Macbeth is maddened not only by Banquo but by the fact that no one is taking him seriously. Whether the ghost is staged or not the audience can likewise decide whether the scene is a genuine haunting or a sign that Macbeth’s guilt is driving him out of his wits. I tend to like my Banquos to be as frightening as possible, but as horror films often demonstrate, this can sometimes mean not showing the spectre at all.
Happy nightmares everyone!
Horror moments are posted every Thursday and a wide variety of articles exploring the history of magic, theatre, storytelling, and more are published on Monday afternoons.
Are you into dance and/or theater at all?

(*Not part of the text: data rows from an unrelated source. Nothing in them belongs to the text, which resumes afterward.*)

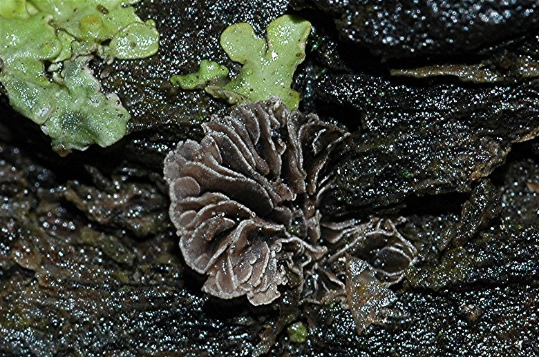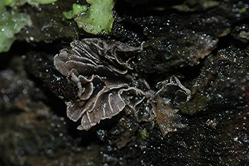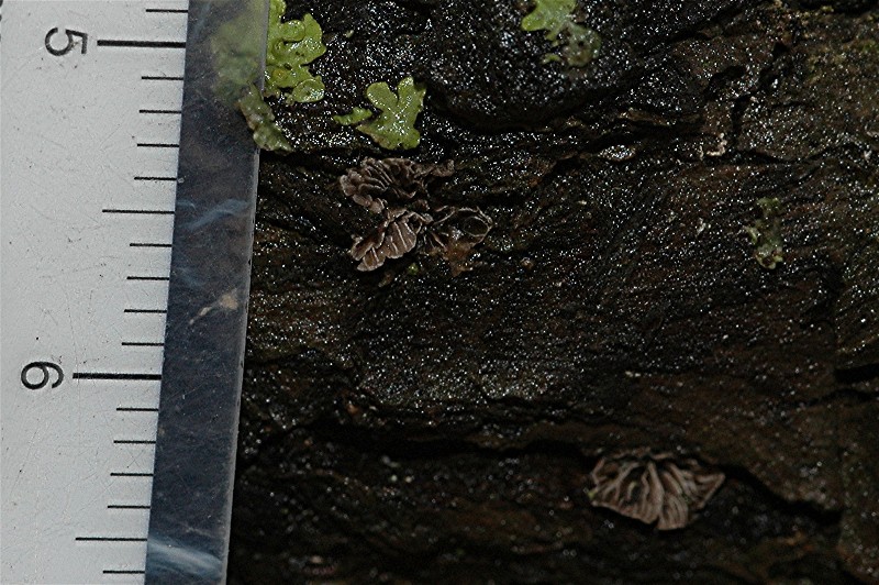 Mein Tipp wäre alte Fruchtkörper von Resupinatus trichotis/applicatus (Dichtblättriger Liliputseitling), die sehen alt auch so aus und sind zudem recht häufig.
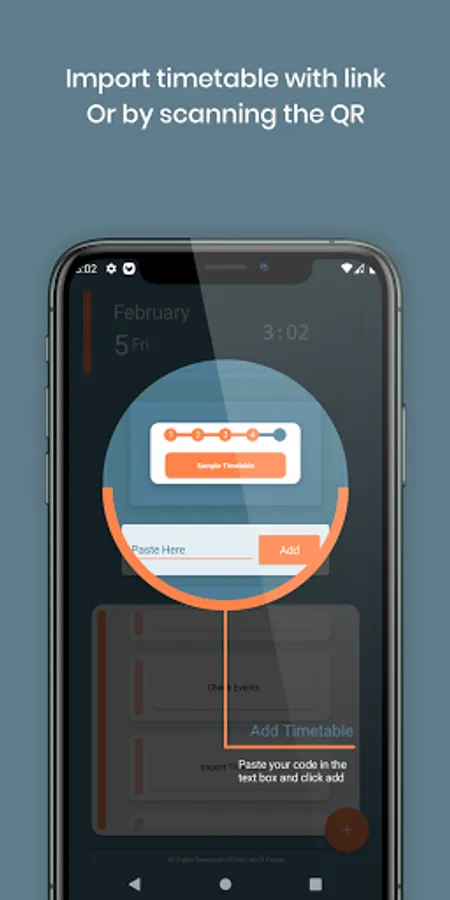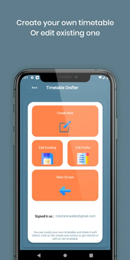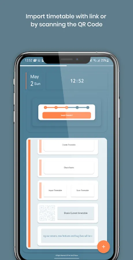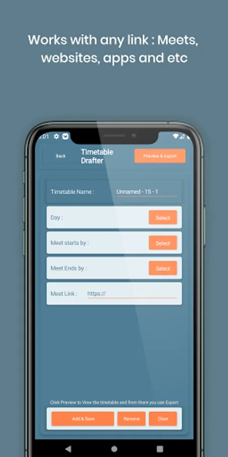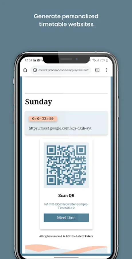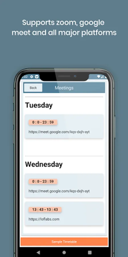 You can create your own timetables with your schedules, by clicking the “Create Timetable” button, Enter the starting time, the ending time, and link for the meeting, the app supports a wide range of apps and links, ZOOM, Google Meet, Microsoft Teams, and similar meeting platforms. The app is also compactable with regular links (Links of websites). Sign in with your Google account to Create and share your timetables, On successful export of a timetable, the app will generate a QR Code and a sharable link, this QR Code can be Shared or Printed. People with the link can enter it in the app and import, can scan the QR Code to add that timetable to their app.
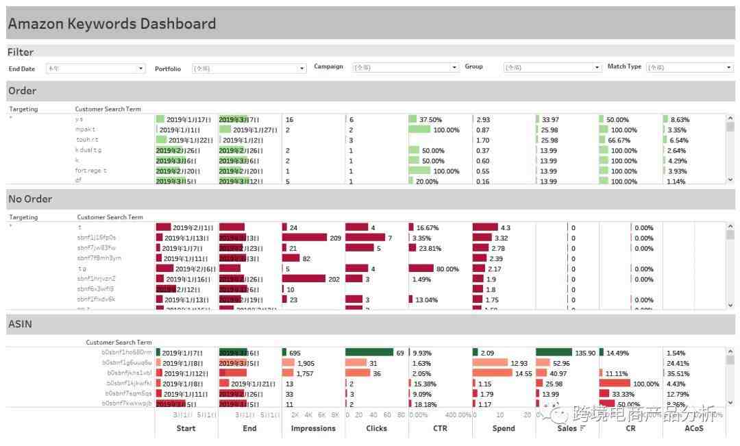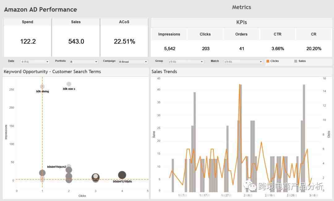 我觉得最实用的是把第三方工具和自己的定制报表相结合,实现人机交互。什么意思呢?因为亚马逊暂时没出来定时开关,自动加词等等的高级功能,所以有一个靠谱的第三方工具势必会事半功倍。同时,有些第三方无法实现的图表可以自己来制作,达到相辅相成。下面我用Tableau举例,用两个仪表盘Dashboard来解释如何快速得到想要的信息。
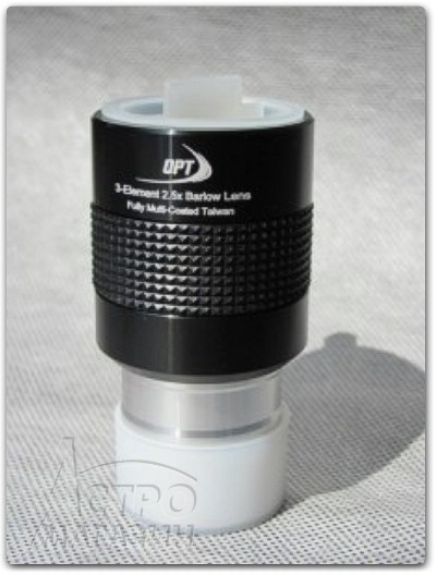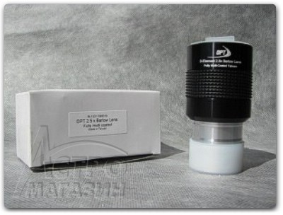 Это уже представитель апохроматического типа линз Барлоу, преимуществом которого, для визуальных наблюдений, становится лучший уровень коррекции полевых аберраций. Интересно и то, что в данной Барлоу используется не вполне стандартное увеличение в 2,5х, что может быть очень интересным для пользователей, у которых в наборе окуляров фокусы перекрываются ровно в 2х, как например 25мм, 12,5мм и 6,3мм. С таким комплектом применять 2х линзу Барлоу просто глупо, т.к. она сможет расширить набор на одно увеличение, а вот 2,5х в такой ситуации будет смотреться куда интересней.
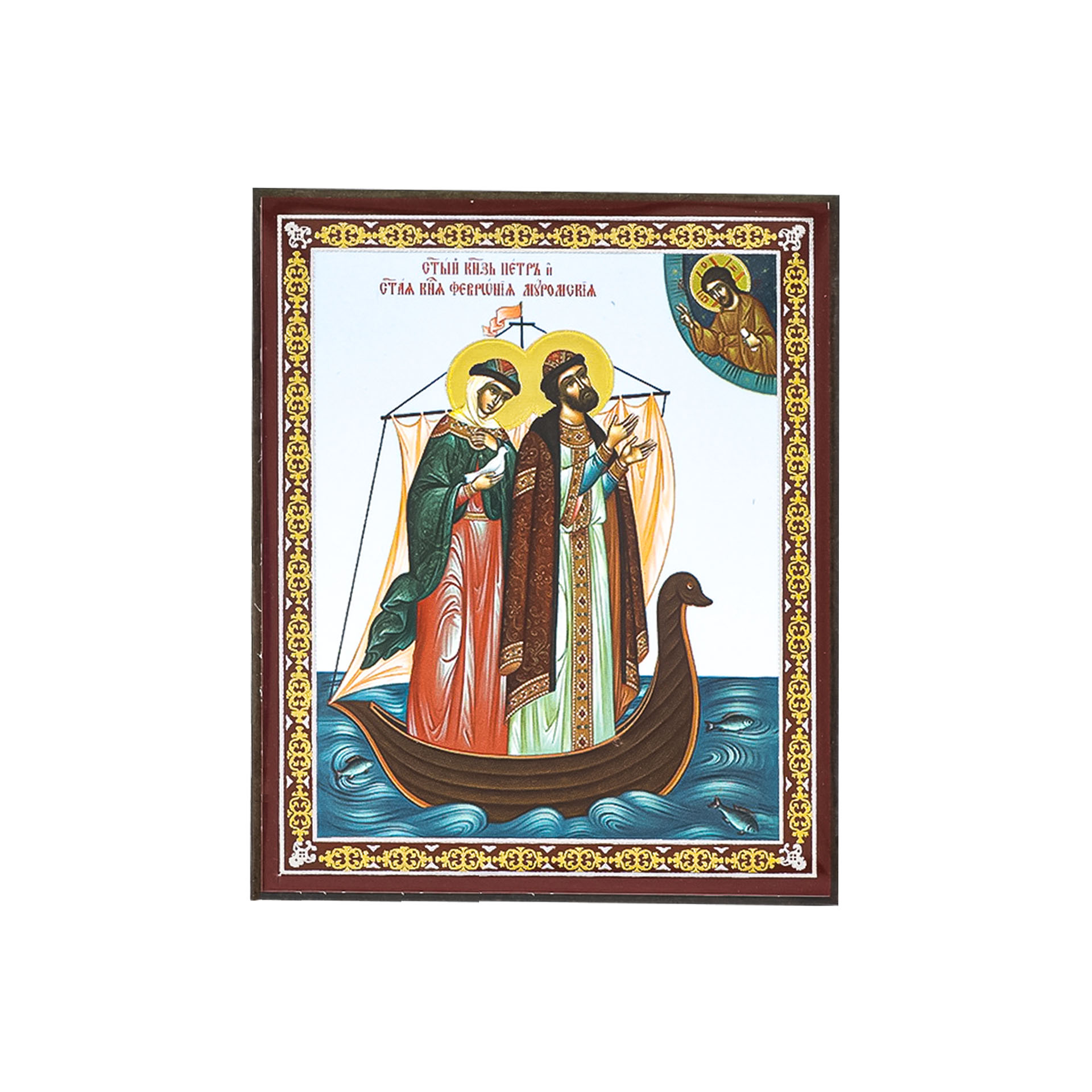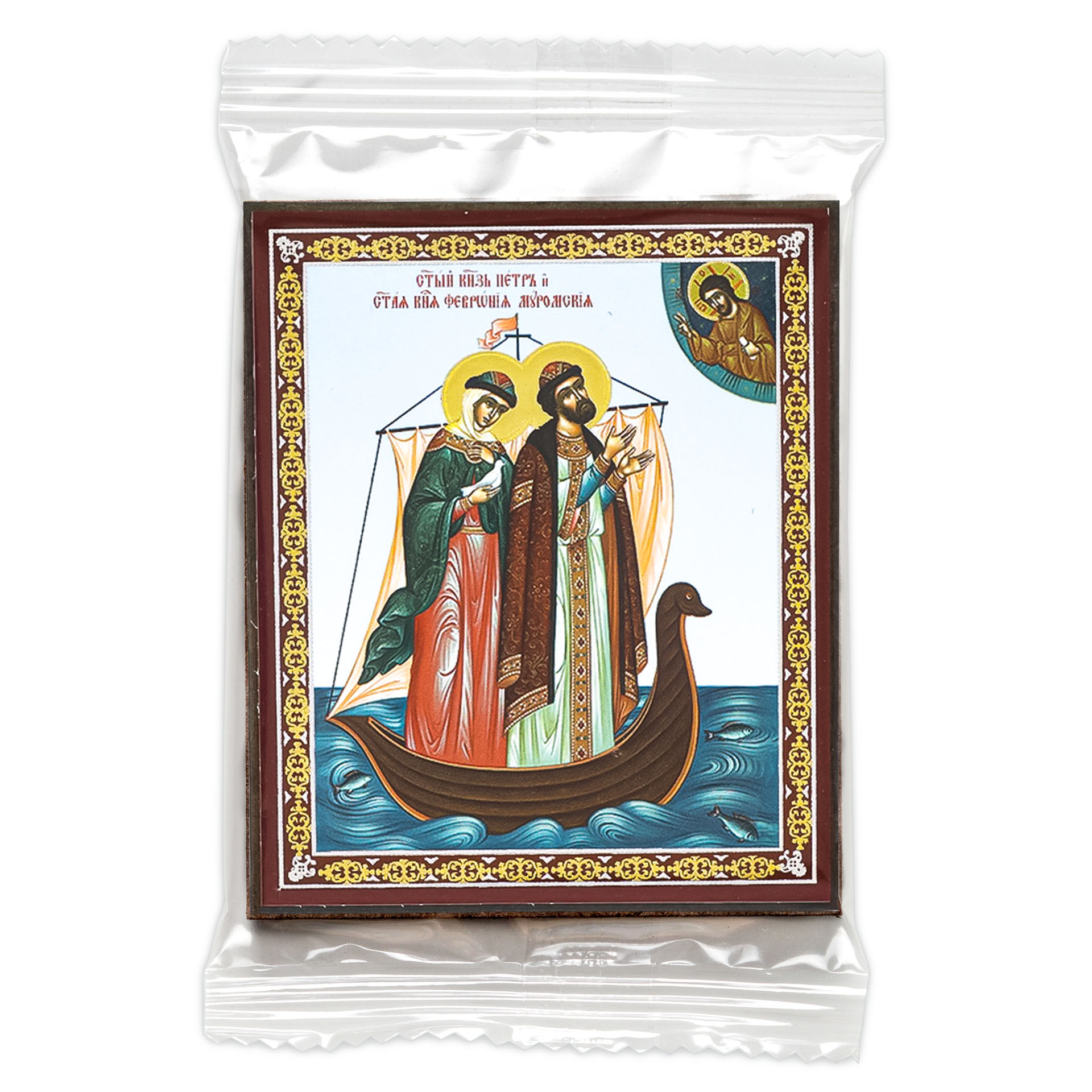 Икона на деревянном планшете 6х9 двойное тиснение, аннотация, упаковка Петр и Феврония 9
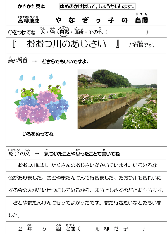 地域のよいところを教えてほしいと思いました。夏休みにとりくんでみてください。
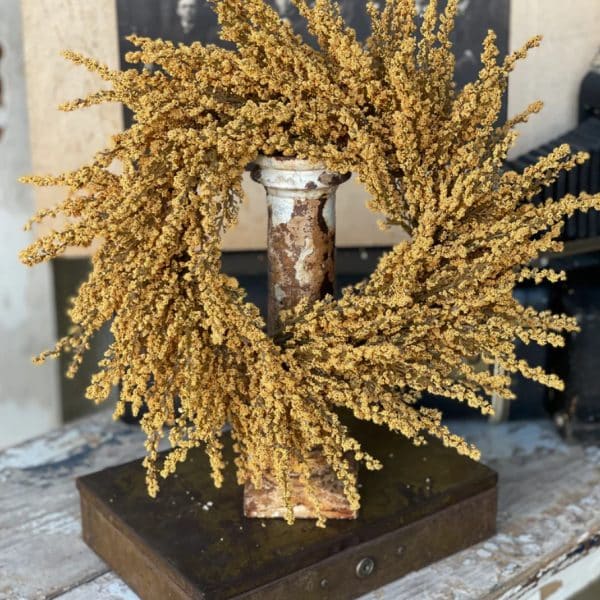 Add a beautiful touch of Fall to your decor with this Fall Heather Candle Ring. A burst of color in spire like clusters of tiny bubble berriers in a mustard color.
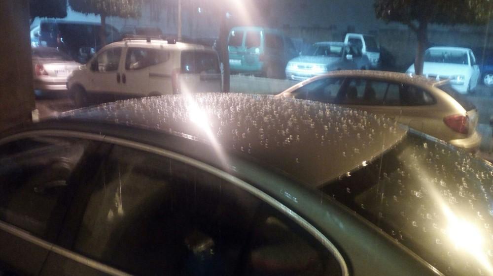 A media tarde de hoy, una gran tromba de agua y granizo bloqueaba durante más de media hora la localidad de Onda y pintaba de blanco los espacios urbanos y los alrededores.
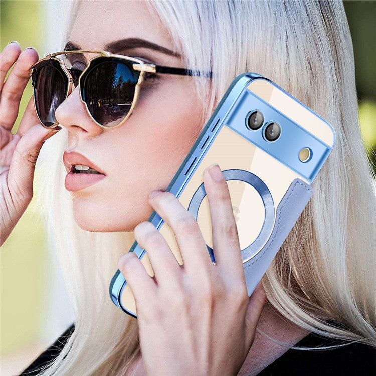 For Google Pixel 8a Case Compatible with MagSafe Rhombus PU Leather Phone Cover - Blue
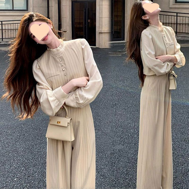 싱글/세트 빈티지 스트레이트 라운드 넥 스트라이프 조끼 여성 가을 느슨한 넓은 다리 캐주얼 바지 슬리밍 투피스 유행 세트스토어 가기

There’s an immersive dance theater production in NYC called “Sleep No More,” based on Macbeth. The overall tone of the show is incredibly dark (both literally and figuratively) and tense, and in that version, Macbeth is actually the one to kill Banquo himself. Then at the banquet scene, the actual dancer who plays Banquo walks across the stage and sits down at the banquet table absolutely COVERED in blood (and the whole banquet scene is performed in slow motion. It’s very cool). Definitely less up to the audience’s interpretation in this rendition, but it’s such a powerful moment and I couldn’t imagine it performed any other way
I'm reminded, for some reason, of Mario Bava's 'Hatchet for the Honeymoon', in which (spoilers for a 55-year-old movie!) a character punishes her murderer by appearing as though still alive to *other* people while remaining invisible to him.